INPUT MATERIAL:
********************

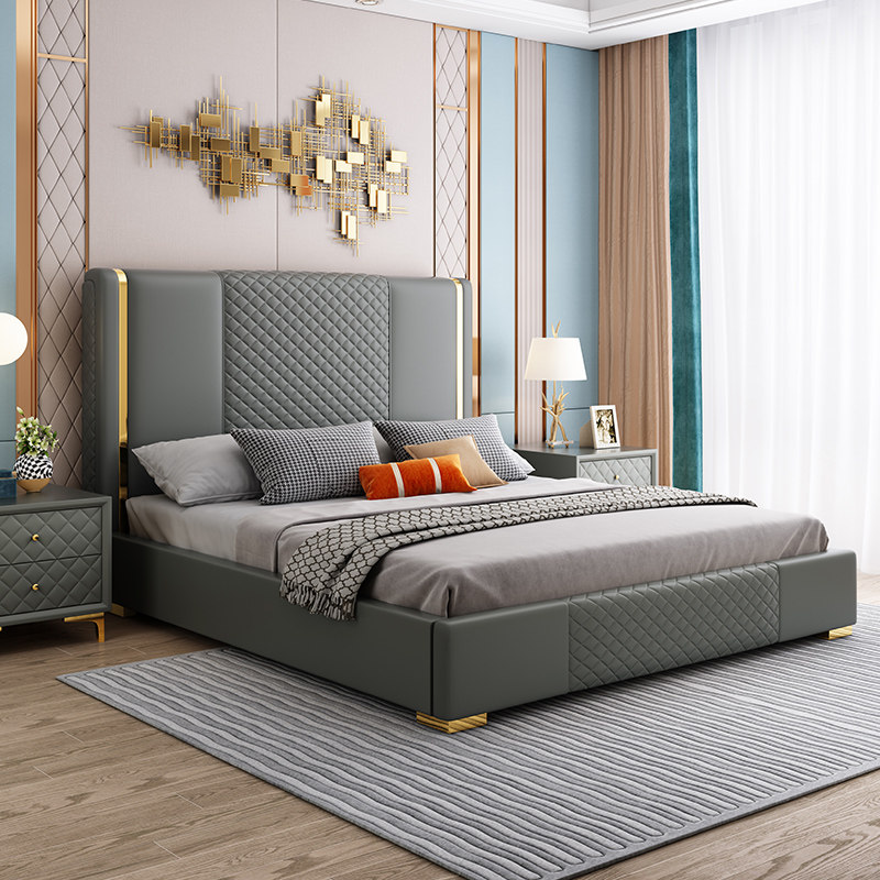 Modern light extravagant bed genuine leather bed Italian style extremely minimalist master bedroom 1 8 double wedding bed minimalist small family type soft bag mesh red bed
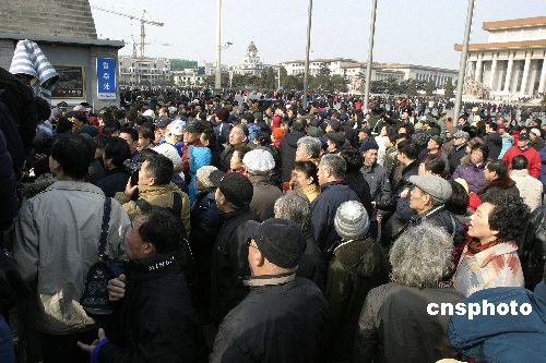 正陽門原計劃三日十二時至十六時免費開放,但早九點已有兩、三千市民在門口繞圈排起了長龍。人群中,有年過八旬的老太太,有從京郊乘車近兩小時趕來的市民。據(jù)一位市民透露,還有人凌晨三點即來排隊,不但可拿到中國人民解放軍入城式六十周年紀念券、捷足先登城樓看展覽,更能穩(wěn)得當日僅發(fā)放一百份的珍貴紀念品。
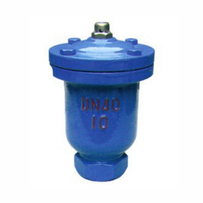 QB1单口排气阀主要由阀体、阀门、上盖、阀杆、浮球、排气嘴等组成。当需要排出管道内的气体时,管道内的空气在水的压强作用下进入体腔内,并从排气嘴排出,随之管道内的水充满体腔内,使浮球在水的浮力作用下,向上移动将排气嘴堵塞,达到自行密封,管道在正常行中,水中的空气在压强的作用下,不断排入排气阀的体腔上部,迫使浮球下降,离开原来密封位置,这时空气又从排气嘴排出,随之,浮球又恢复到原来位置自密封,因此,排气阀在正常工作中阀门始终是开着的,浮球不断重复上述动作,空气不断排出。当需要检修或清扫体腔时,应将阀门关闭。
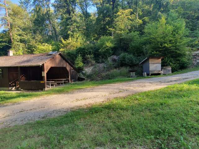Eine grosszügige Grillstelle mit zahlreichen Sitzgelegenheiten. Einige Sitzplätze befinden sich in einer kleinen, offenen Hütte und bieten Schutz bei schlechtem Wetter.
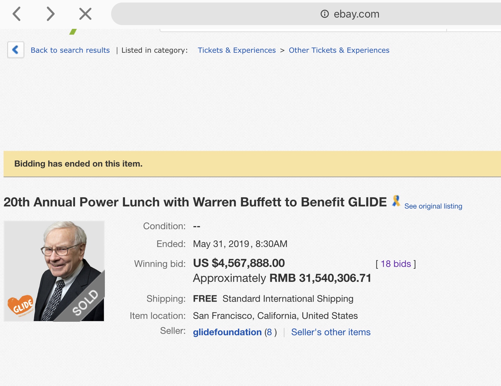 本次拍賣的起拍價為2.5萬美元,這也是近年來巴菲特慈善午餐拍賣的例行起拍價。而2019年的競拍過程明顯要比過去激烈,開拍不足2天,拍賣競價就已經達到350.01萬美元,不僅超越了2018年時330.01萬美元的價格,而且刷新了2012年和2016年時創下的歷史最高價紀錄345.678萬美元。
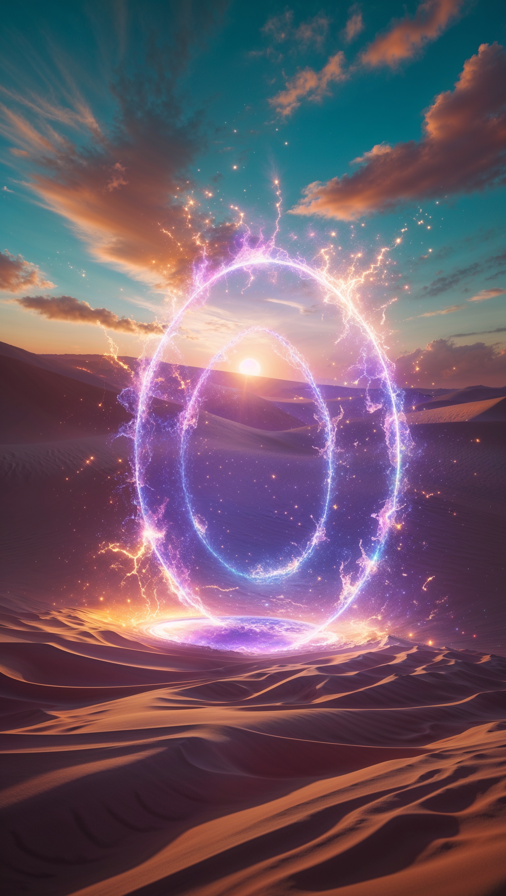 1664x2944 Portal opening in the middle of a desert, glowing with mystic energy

********************

ASSIGNMENT: Extract the run of lines from the line holding "QB1单口排气阀主要由阀体、" through the final line of the material above, exactly and inclusively. Leave the pictures behind.

FINISHED TASK:
 QB1单口排气阀主要由阀体、阀门、上盖、阀杆、浮球、排气嘴等组成。当需要排出管道内的气体时,管道内的空气在水的压强作用下进入体腔内,并从排气嘴排出,随之管道内的水充满体腔内,使浮球在水的浮力作用下,向上移动将排气嘴堵塞,达到自行密封,管道在正常行中,水中的空气在压强的作用下,不断排入排气阀的体腔上部,迫使浮球下降,离开原来密封位置,这时空气又从排气嘴排出,随之,浮球又恢复到原来位置自密封,因此,排气阀在正常工作中阀门始终是开着的,浮球不断重复上述动作,空气不断排出。当需要检修或清扫体腔时,应将阀门关闭。
Eine grosszügige Grillstelle mit zahlreichen Sitzgelegenheiten. Einige Sitzplätze befinden sich in einer kleinen, offenen Hütte und bieten Schutz bei schlechtem Wetter.
 本次拍賣的起拍價為2.5萬美元,這也是近年來巴菲特慈善午餐拍賣的例行起拍價。而2019年的競拍過程明顯要比過去激烈,開拍不足2天,拍賣競價就已經達到350.01萬美元,不僅超越了2018年時330.01萬美元的價格,而且刷新了2012年和2016年時創下的歷史最高價紀錄345.678萬美元。
 1664x2944 Portal opening in the middle of a desert, glowing with mystic energy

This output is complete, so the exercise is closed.